ABOUT THIS EXERCISE
Lines from the one with "Tryk på papir" up to and including the one with "Bransoletka z drewna" are to be copied exactly from the records below, without their pictures.

Collection entries:
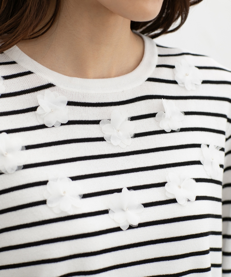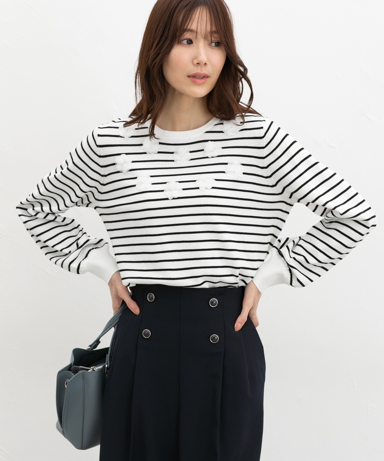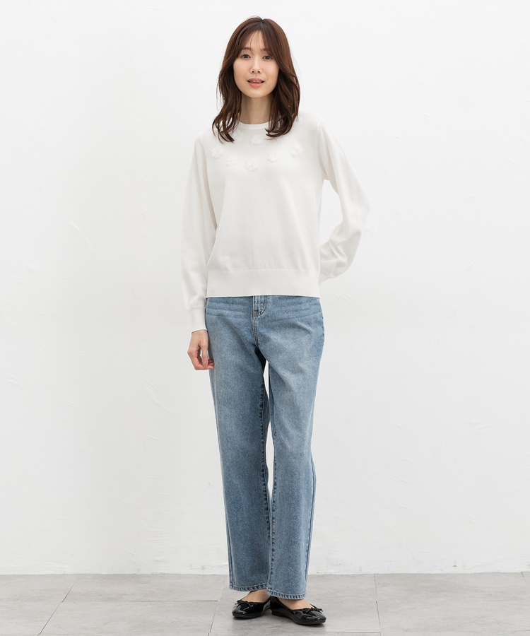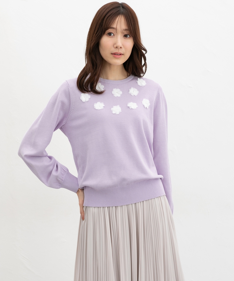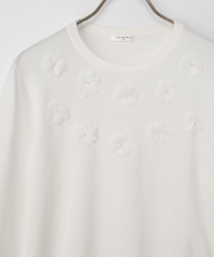 立体感のあるフラワーモチーフが高見えする、1枚でコーデが決まるデザイン。
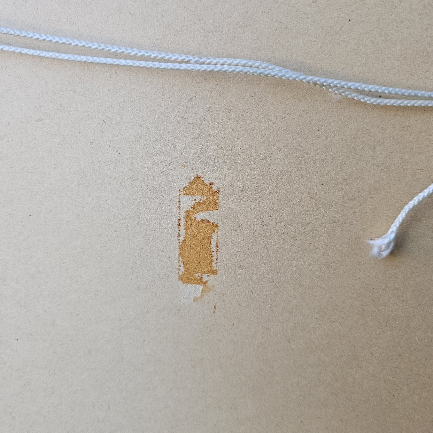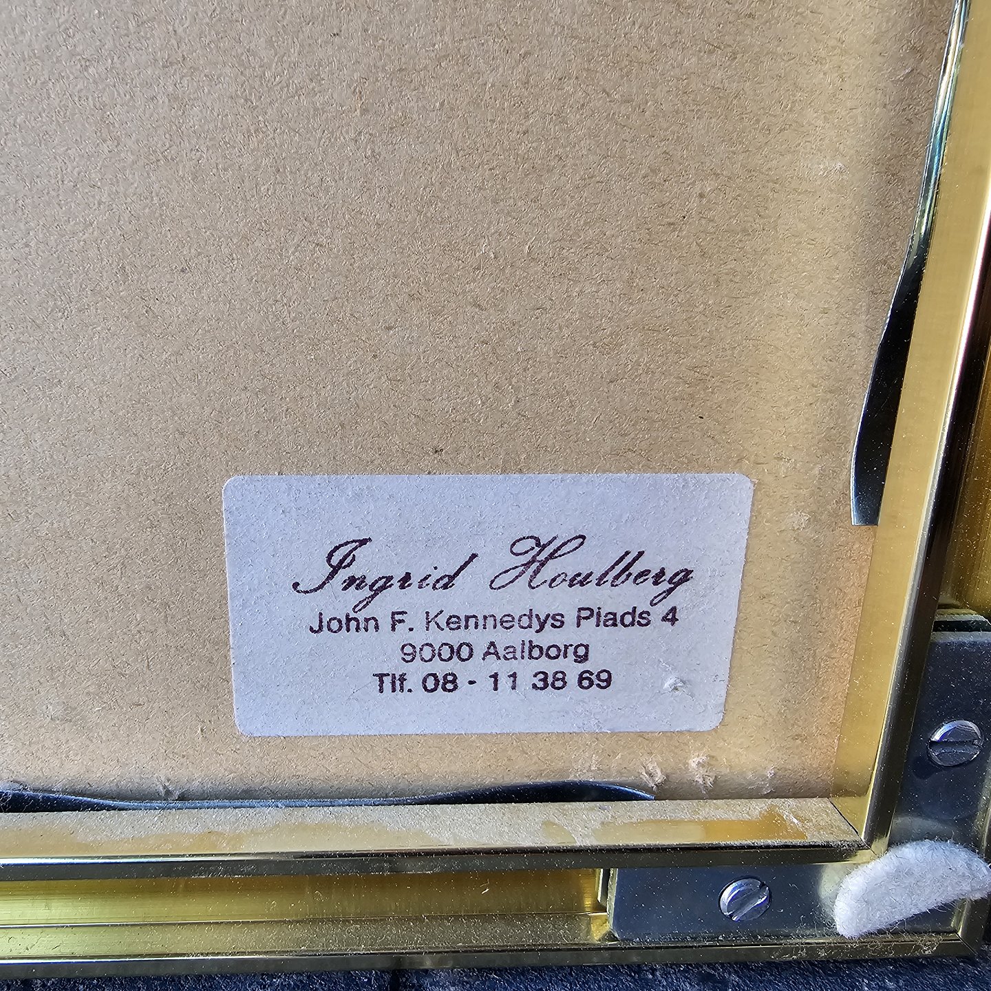 Tryk på papir med motiv af en kvinde i grønne nuancer. Monteret i metalramme, dateret 1981
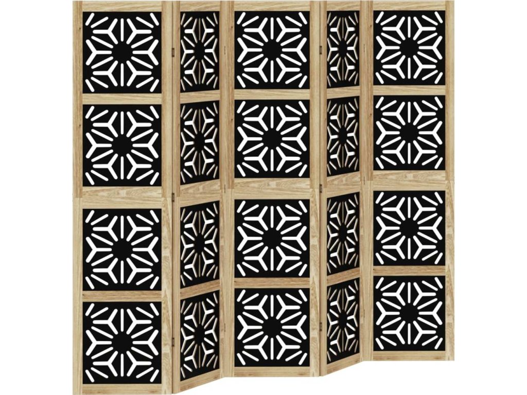 - Atraktivní vzhled: Tento skládací paraván s geometrickým výřezem dodává prostoru charakter a dekoraci.
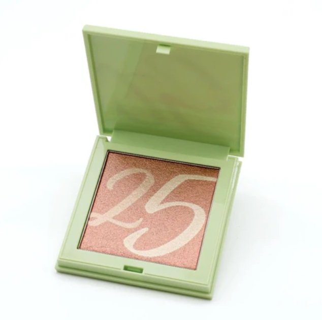 • Gold foil commemorative "25" on top of the compact featuring both a blush & highlighter.
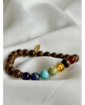 Bransoletka z drewna i naturalnych kamieni – 7 czakr
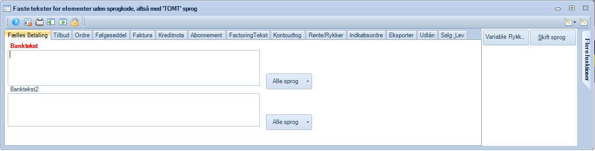 Derfor skal man huske at skrive teksten på alle de sprog, man har opsat i KeyBalance (såfremt man bruger alle). Har man fx en debitor med et påsat sprog, man har lavet en ordre på, skal man huske at få indsat teksten i sproget. Dette gøres ved at trykke på knappen "Alle sprog", dobbeltklikke på sproget og indsætte teksten:
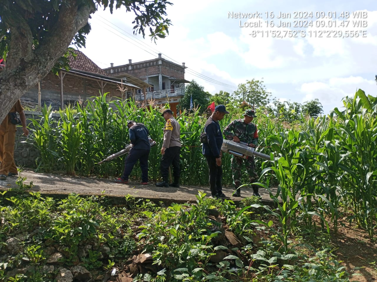 Kegiatan penyemprotan fogging ini, dilaksanakan di RT. 03 RW. 03 Dusun Boto Desa Pakisaji Kec. Kademangan Kab. Blitar, Selasa (16/1/2024).
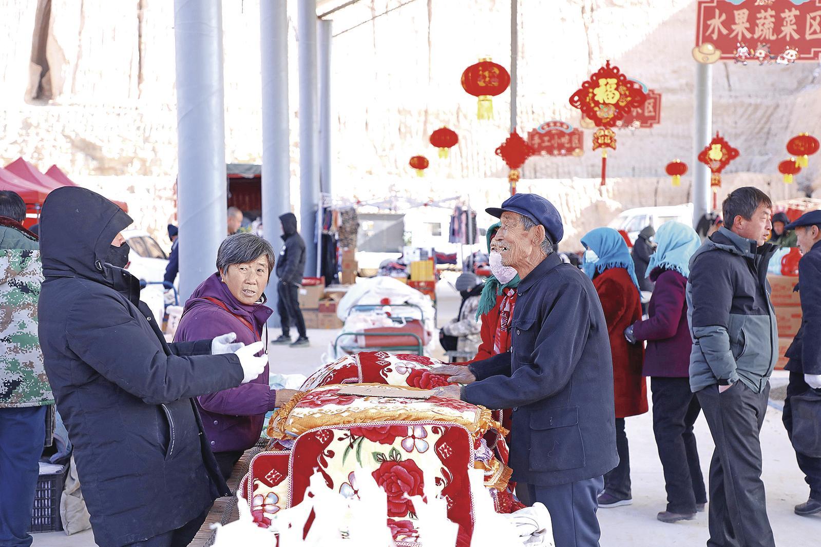 群眾在山城鄉(xiāng)年貨節(jié)上購物。
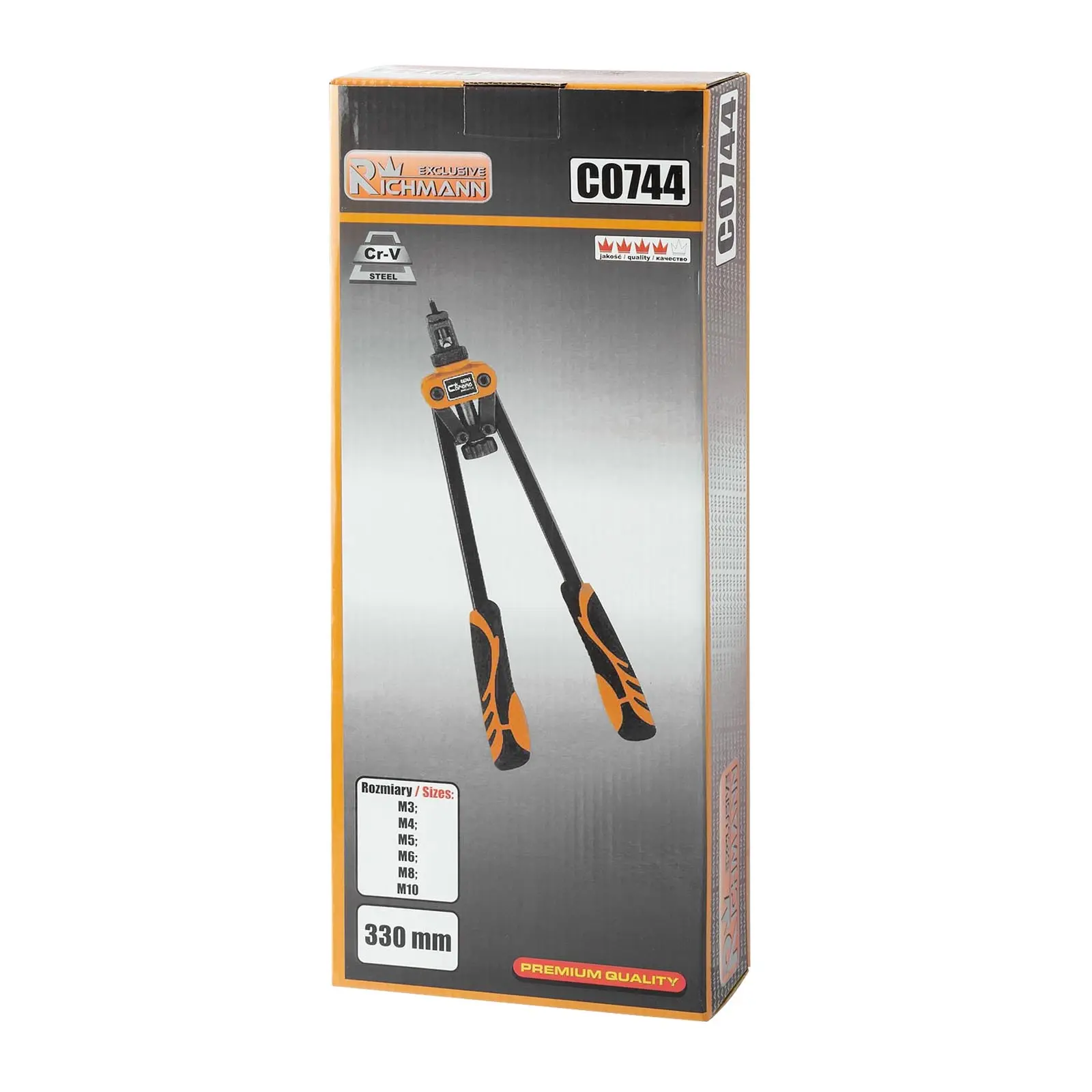 Obouruční pákové nýtovací kleště pro nýtovaní standardními nýty nebo nýtovacími maticemi. Pákový převod snižuje fyzickou námahu. Robustní tělo kleští pro dlouhou životnost. Protiskluzové pogumované rukojeti.

OUTPUT OF THE TASK
 Tryk på papir med motiv af en kvinde i grønne nuancer. Monteret i metalramme, dateret 1981
 - Atraktivní vzhled: Tento skládací paraván s geometrickým výřezem dodává prostoru charakter a dekoraci.
 • Gold foil commemorative "25" on top of the compact featuring both a blush & highlighter.
 Bransoletka z drewna i naturalnych kamieni – 7 czakr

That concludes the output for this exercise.